Woolford went on to play for the Tigers from 1985 to 1988, where he was a two time All-American, earning second-team honors in 1987, and becoming a consensus All-American in 1988, and a finalist for the Jim Thorpe Award, given annually to the nation's best defensive back. He was a two time First-team All-Acc selection, recording 10 interceptions during his career. He also played punt returner, leading the ACC and finishing third nationally in 1987 with two returns for touchdowns and a 15.5 yard average per return. During his time at Clemson, the Tigers won 3 conference championships (1986, 1987, 1988) and won three bowl games (against Stanford in 1986, Penn State in 1987, and Oklahoma in 1988). Clemson finished ranked in the top 10 nationally in both 1987 and 1988.

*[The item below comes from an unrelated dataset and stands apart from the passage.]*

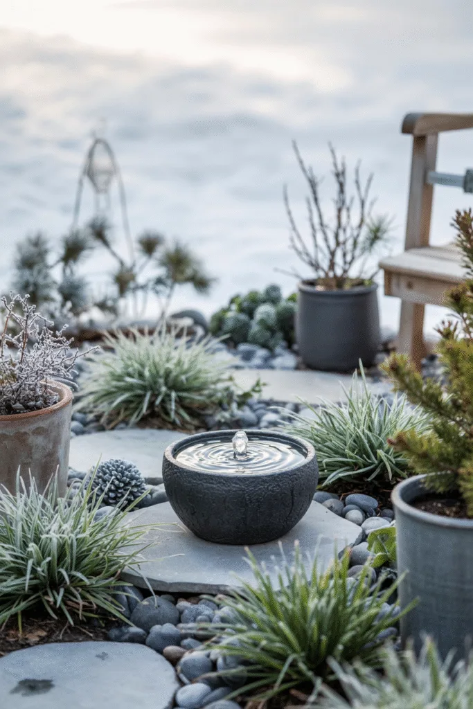 A small water feature, like a tabletop fountain or shallow basin, adds tranquility to your winter garden. Choose a solar-powered or freeze-resistant model to avoid damage. The reflective surface catches light, making your space feel larger and more serene, even in the depths of winter.

He was later voted as one of the Greatest Clemson Tigers of the 20th Century, and inducted into the Clemson Hall of Fame.

==Professional career==
During the 1989 NFL draft, Woolford was selected in the first round, 11th overall by the Chicago Bears. He earned Pro Bowl honors in 1994 and was a three time All Madden Team Member during his career. At one point, he had the record for most interceptions by a Chicago Bear with 32 total interceptions. This was surpassed in 2013 by Charles Tillman. Woolford started every game for Chicago from 1989 to 1996, before being traded to the Pittsburgh Steelers, where he recorded 4 more interceptions, for a career total of 36. He retired from the NFL after suffering a career ending knee injury.

==Life After Professional Football==
Upon retirement, Woolford returned to Fayetteville where he helped coach high school football. He later coached at East Lincoln High School in Denver, North Carolina. He was co-owner of the Fayetteville Ruff Riders football team from 2004 to 2005 He was Clemson's legend representative at the 2014 ACC Championship Game. He was a graduate assistant coach with the Clemson national championship team in 2016, and was inducted into the South Carolina Hall of Fame in 2017. Woolford is now associated with an auto warranty service, and also serves as president of the Donnell Woolford Foundation, assisting the Boys & Girls Clubs of America, and the Jimmy Raye Clinic coaching local youth.

He donated land for the building of World Faith Ministries in Hope Mills, North Carolina, and continues to work in community activism as a board member on several non-profit organizations.